→ ACTIVITY
A verbatim reproduction of the lines below, from the line containing "INCREASED fees proposed" through the line containing "granola with greek", both ends included, is the whole required output.

→ LISTED RECORDS
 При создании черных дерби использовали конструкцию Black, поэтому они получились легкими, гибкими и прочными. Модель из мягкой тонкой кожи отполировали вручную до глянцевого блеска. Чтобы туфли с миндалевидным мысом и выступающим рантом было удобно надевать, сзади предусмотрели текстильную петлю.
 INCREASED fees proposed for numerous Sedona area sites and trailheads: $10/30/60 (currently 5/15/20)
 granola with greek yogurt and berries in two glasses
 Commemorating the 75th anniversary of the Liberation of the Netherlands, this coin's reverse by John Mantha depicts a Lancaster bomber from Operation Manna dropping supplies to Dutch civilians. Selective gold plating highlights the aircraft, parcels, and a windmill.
...
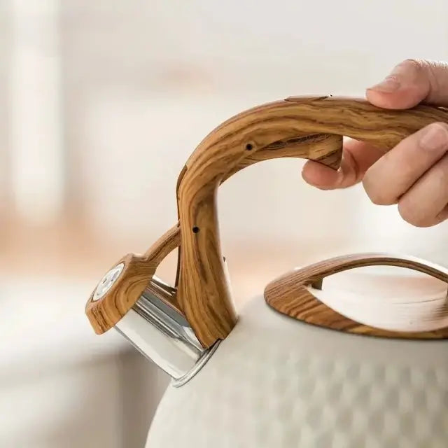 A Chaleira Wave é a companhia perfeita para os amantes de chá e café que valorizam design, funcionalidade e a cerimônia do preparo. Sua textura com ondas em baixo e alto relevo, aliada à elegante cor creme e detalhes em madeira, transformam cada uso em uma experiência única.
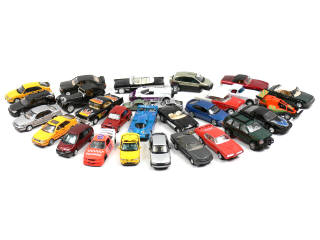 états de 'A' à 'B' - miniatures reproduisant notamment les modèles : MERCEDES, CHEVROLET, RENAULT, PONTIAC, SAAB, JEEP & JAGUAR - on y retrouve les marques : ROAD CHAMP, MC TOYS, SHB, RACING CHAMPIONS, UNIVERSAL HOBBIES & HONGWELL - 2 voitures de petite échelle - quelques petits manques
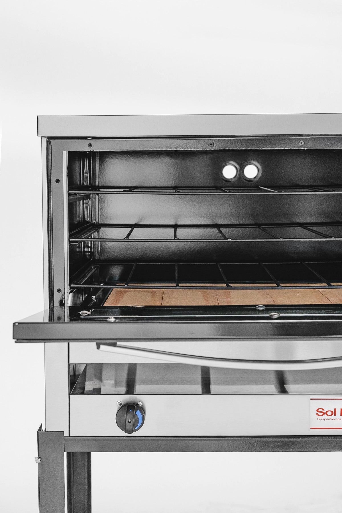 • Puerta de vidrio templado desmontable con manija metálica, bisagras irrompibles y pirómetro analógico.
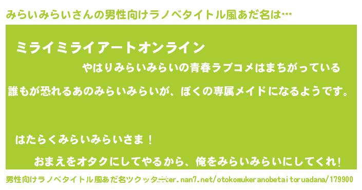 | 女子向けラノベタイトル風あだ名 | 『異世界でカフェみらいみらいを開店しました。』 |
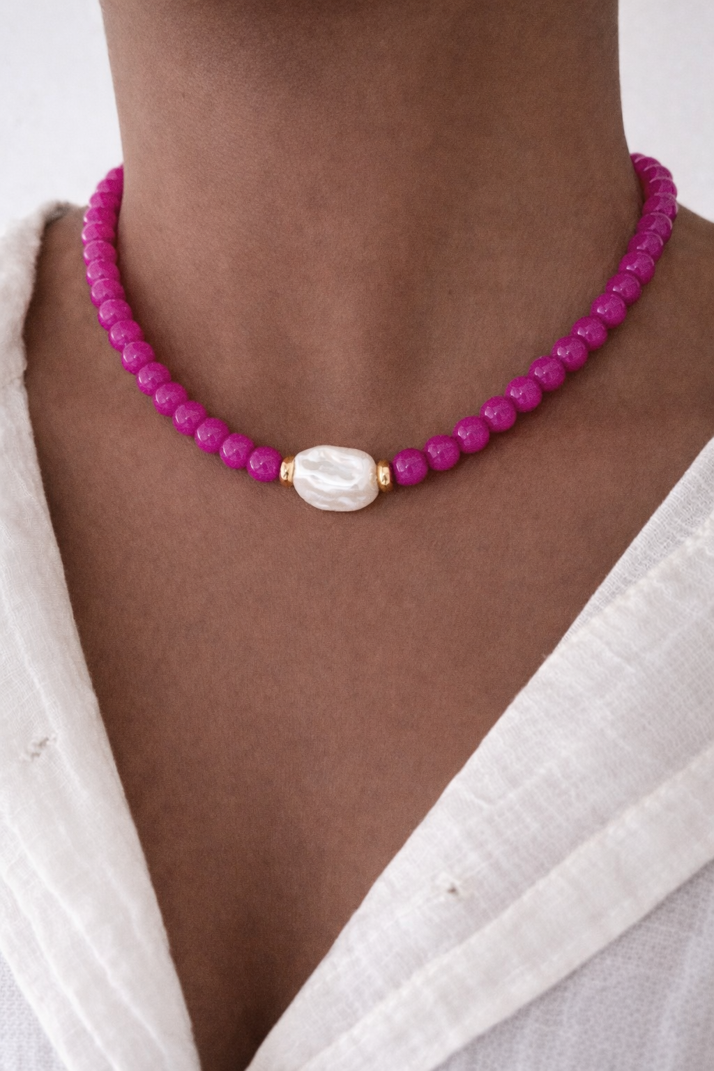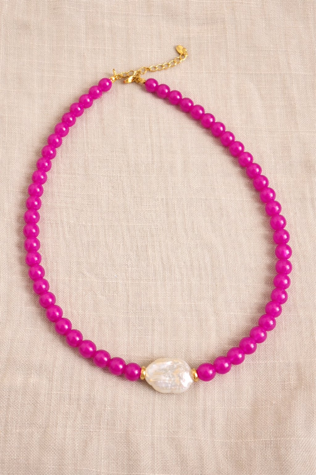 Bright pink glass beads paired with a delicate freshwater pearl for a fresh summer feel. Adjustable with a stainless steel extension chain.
---
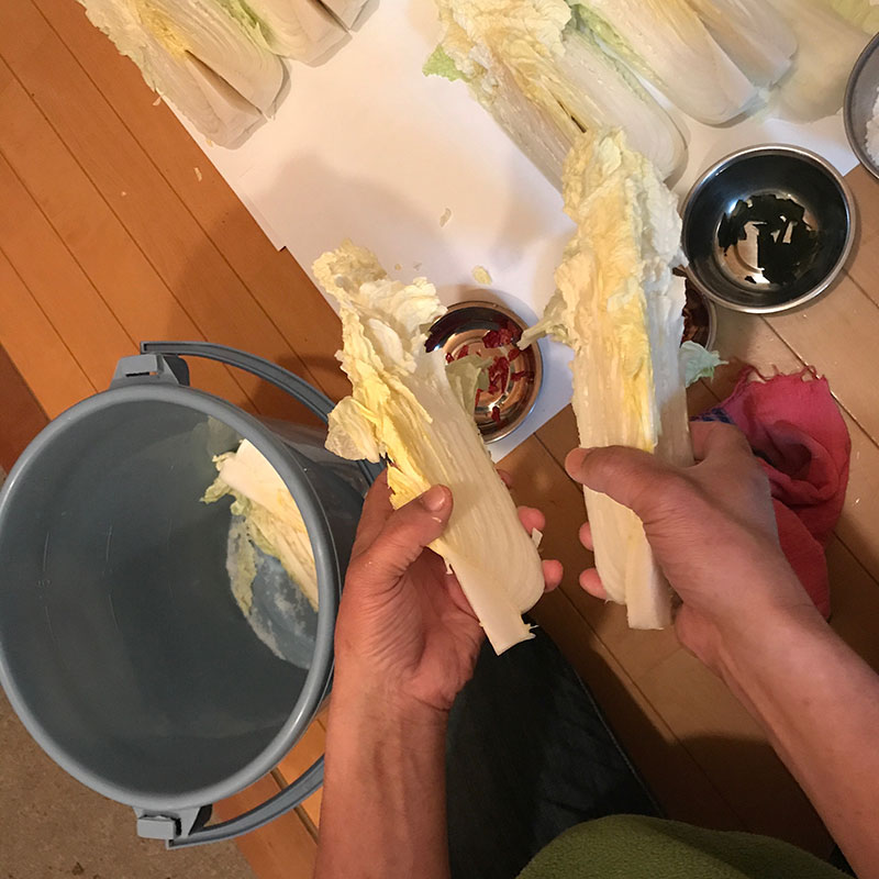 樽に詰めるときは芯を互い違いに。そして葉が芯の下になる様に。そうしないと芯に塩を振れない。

→ ANSWER SPACE
 INCREASED fees proposed for numerous Sedona area sites and trailheads: $10/30/60 (currently 5/15/20)
 granola with greek yogurt and berries in two glasses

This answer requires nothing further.